ASSIGNMENT:
Each line, starting at the one with "2x opony letnie" and running to the end of the data below, is to be set down again exactly, both ends included; leave pictures out.

*** INPUT FOR THIS TASK ***

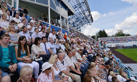 Продолжился праздник на стадионе «Динамо». Земляков поздравил Губернатор Брянской области Николай Денин.
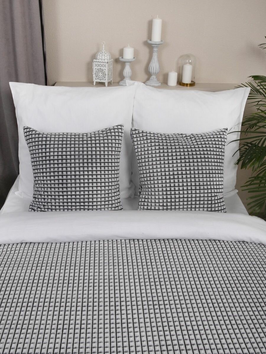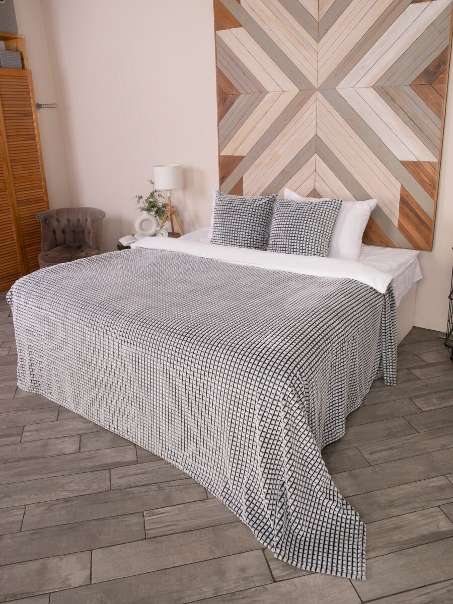 Покрывало 240х260 на кровать диван плюшевое плед, Tessolo Home, "Кубики", графитовый, серый
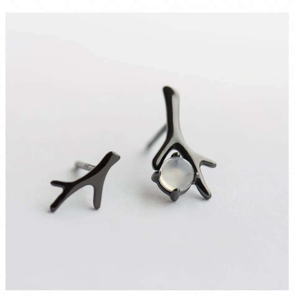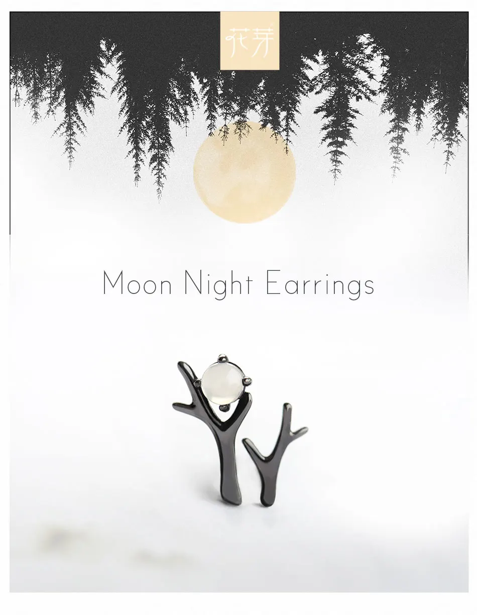 Thaya Moon night design stud earrings moonstone Black s925 sterling silver earrings for women punk elegant style jewelry gift
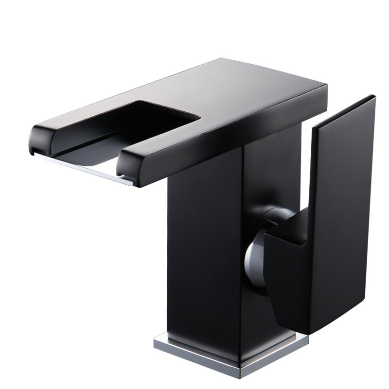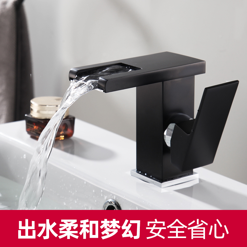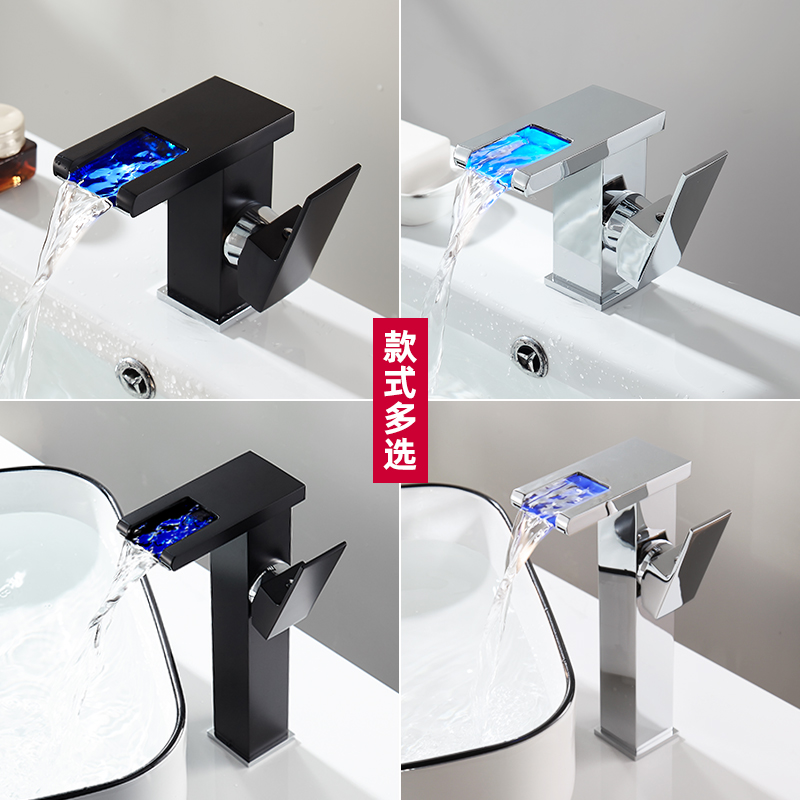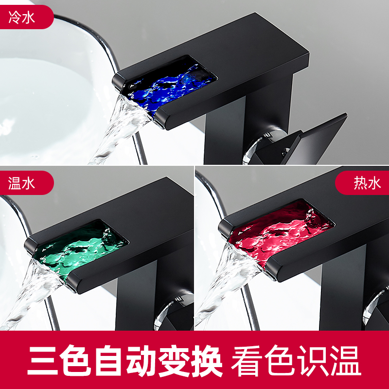 Black washbasin faucet hot and cold all copper bathroom washbasin faucet waterfall luminous LED discoloration faucet
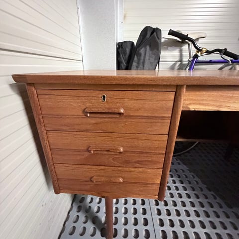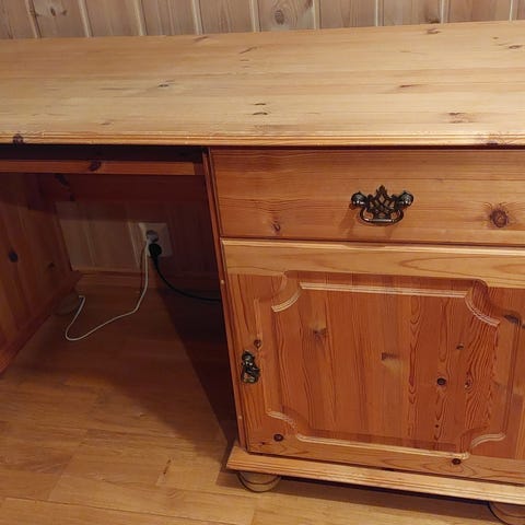 Skrivebord i tre med rektangulær bordplate og brun finish. Bordet har tre skuffer øverst, samt to skapdører under på hver side som gir ekstra oppbevaringsplass. Åpningen i midten gir plass til stol og bein. Egner seg som arbeidsbord eller skrivebord i hjemmekontor, stue eller soverom. Fleksibel på pris, må hentes
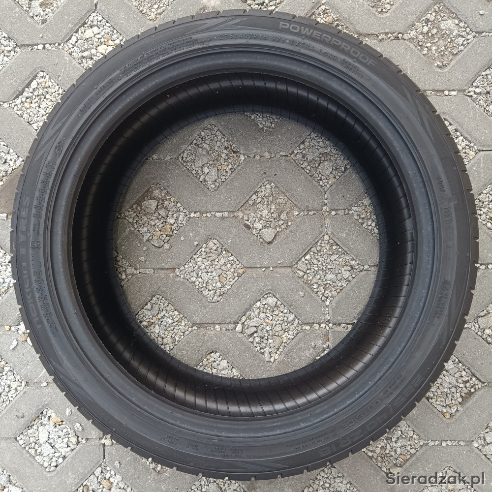 2x opony letnie Nokian PowerProof 225/40 R18 92Y, DOT 1221, bieżnik nowy. Opony fińskiego koncernu Nokian, bardzo dobre opony z klasy premium w przystępnej cenie.
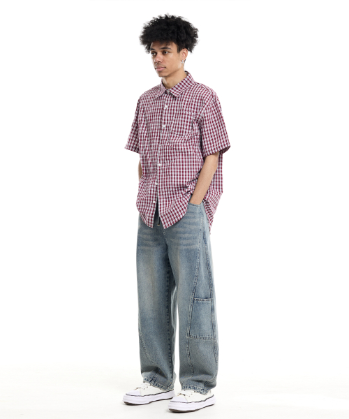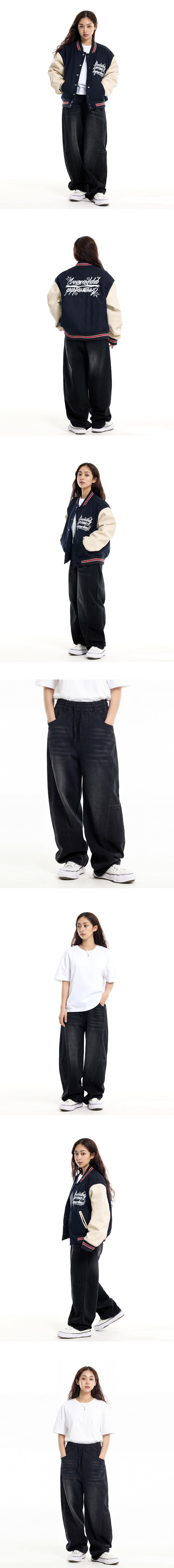 화이트 커브드 절개라인 와이드 코튼 팬츠
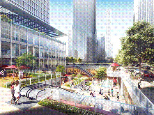 在地下六七层的轨道交通层,将规划4条轨道线,分别为地铁4号线、11号线、13号线和15号线,形成一个井字形结构。这里共设置2站,每个站可以实现3条轨道交通换乘。人们可以自由换乘,下车后,即可通过电梯进入购物层、休闲层等区域。

*** End of INPUT FOR THIS TASK ***

FINISHED TASK:
 2x opony letnie Nokian PowerProof 225/40 R18 92Y, DOT 1221, bieżnik nowy. Opony fińskiego koncernu Nokian, bardzo dobre opony z klasy premium w przystępnej cenie.
 화이트 커브드 절개라인 와이드 코튼 팬츠
 在地下六七层的轨道交通层,将规划4条轨道线,分别为地铁4号线、11号线、13号线和15号线,形成一个井字形结构。这里共设置2站,每个站可以实现3条轨道交通换乘。人们可以自由换乘,下车后,即可通过电梯进入购物层、休闲层等区域。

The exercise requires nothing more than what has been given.